Indeed. They are extremely cool! <3 :) I think in a way, every neural network works on compression! Though AEs & VAEs are a bit more blatant in how they do it. It's just always turned around a little, here and there. I have a pet theory that no neural network can work without compression (even generative ones that have constantly increasing layer depths! :D :)))) )
The link between compression and intelligence is a popular theory. Indeed the linked work here came out of the Hutter Prize:
> The goal of the Hutter Prize is to encourage research in artificial intelligence (AI). The organizers believe that text compression and AI are equivalent problems. Hutter proved that the optimal behavior of a goal-seeking agent in an unknown but computable environment is to guess at each step that the environment is probably controlled by one of the shortest programs consistent with all interaction so far.
NNCP (Bellard's prelude to ts_zip, using similar techniques) is not qualified for Hutter Prize, btw, because hardware and speed limitations specified by Hutter Prize.

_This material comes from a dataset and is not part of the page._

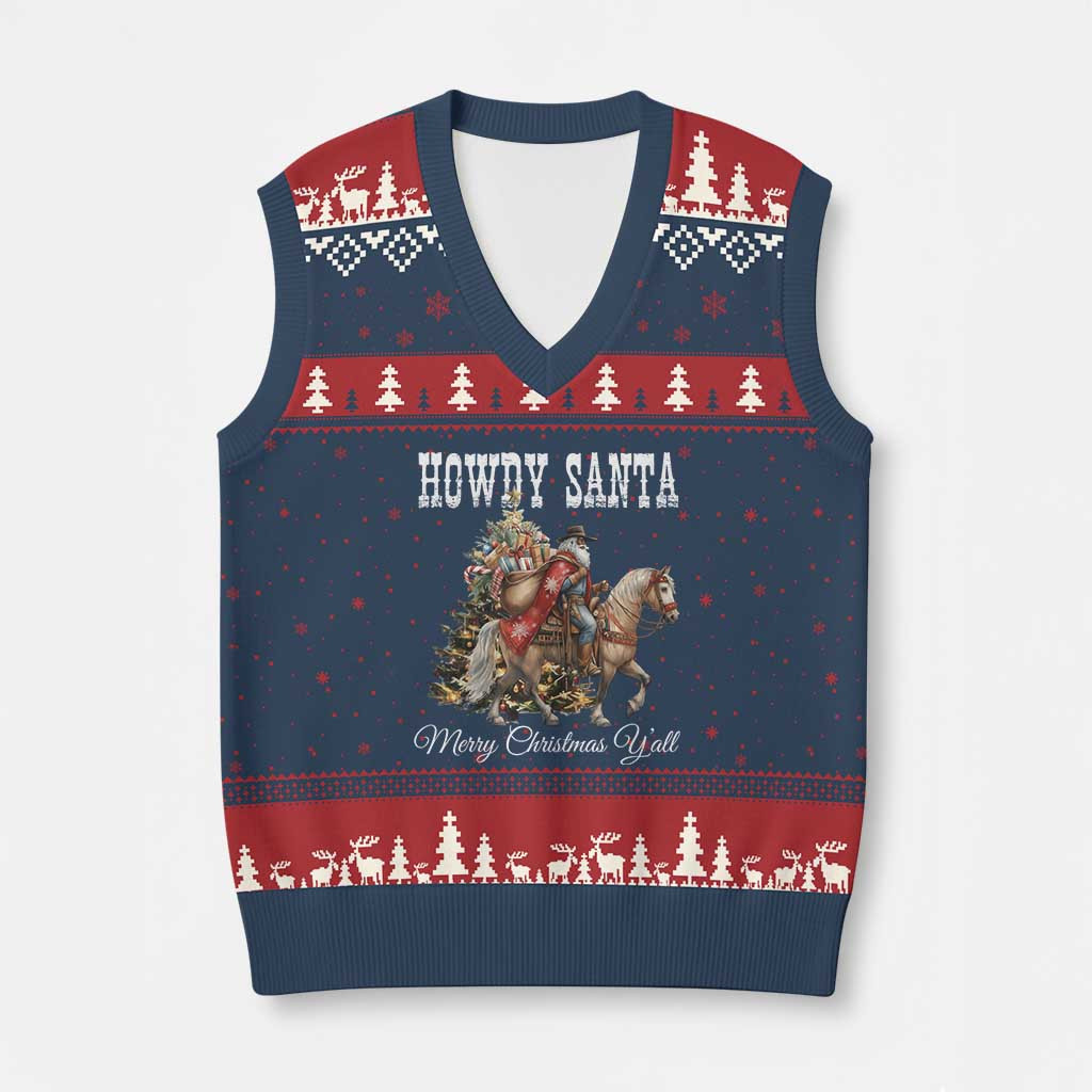 Rushgleam Howdy Santa Ugly Christmas V-Neck Knit Sweater Vest African American Western Cowboy Gift

"Must run in ≲50 hours using a single CPU core and <10GB RAM and <100GB HDD on our test machine."
Which is an Intel Core i7-620M
I agree that it is most certainly necessary to have compression to have intelligence, after all, it is the bridge from empirical examples to a learned policy. Oftentimes the subtle switch comes when people say that compression IS intelligence.

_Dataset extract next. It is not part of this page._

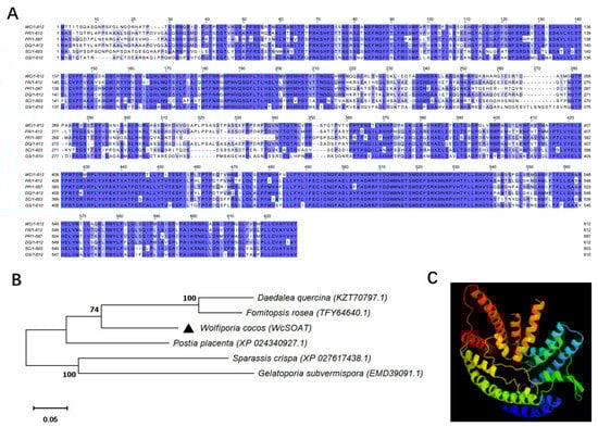 Sequence similarities between WcSOAT and its homologs. (A) Multiple sequence alignment of WcSOAT and its homologs. Full-length protein sequences were aligned using Clustal W and the alignment was edited using Jalview. Intensity of blue shading reflects the level of amino acid identity at each position. WC: W. cocos; FR: Fomitopsis rosea (TFY64640.1, 77.51%); PP: Postia placenta (XP_024340927.1, 75.25%); DQ: Daedalea quercina (KZT70797.1, 76.25%); SC: Sparassis crispa (XP_027617438.1, 65.95%); GS: Gelatoporia subvermispora (EMD39091.1, 63.92%). (B) Phylogenetic analysis of WcSOAT and its homologs from other species. The full-length protein sequences were analyzed using MEGA X with Unrooted neighbor-joining bootstrap (1000 replicates). The black triangle marks the location of WcSOAT. A scale bar at the lower left corresponds to a genetic distance of 0.05. (C) 3D structural models of WcSOAT, predicted using I-TASSER and further analyzed by PyMOL software.

Similar to how metabolism in many ways is required for life, yet metabolism itself isn't life.
One of the challenges is that the minimum MDL (Minimum Descriptor Length -- https://en.wikipedia.org/wiki/Minimum_description_length) is intractable to prove directly, we can only prove that we are a bit closer to it than we were before. This of course becomes even more difficult in the temporal regime, as the amount of information to prove that an iterative mapping (i.e. a decision-making algorithm or what have you, in this case) over each time slice in a temporal system is nigh-impossible. We can tell _something_ about it because of the attractors generated by such a system, but even then, I think it's something basically impossible to do in a closed-form manner.
That being said, I do believe compression is required for intelligence, and that deliciously drags in all of the info theory stuff, which is very fun indeed. Just seems like it gets really messy with that time component, but that's just my 2 cents at least. :'(
I didn't know that was related to the Hutter Prize. Very cool. I'd read a little bit about that prize before, and I'll take another look at it now. Probably won't start any work on anything because I really, really, really do not want to Collatz Conjecture myself again.
Oh, I appreciate this point, thanks for making it! I like it a lot. <3 :))))
I think, perhaps, if inputs > outputs and there is some dimensionality reduction (though I think orthogonality would be a trait of an ideal system [i.e. an emergent property approached in the limit], not one that is explicitly enforced each step).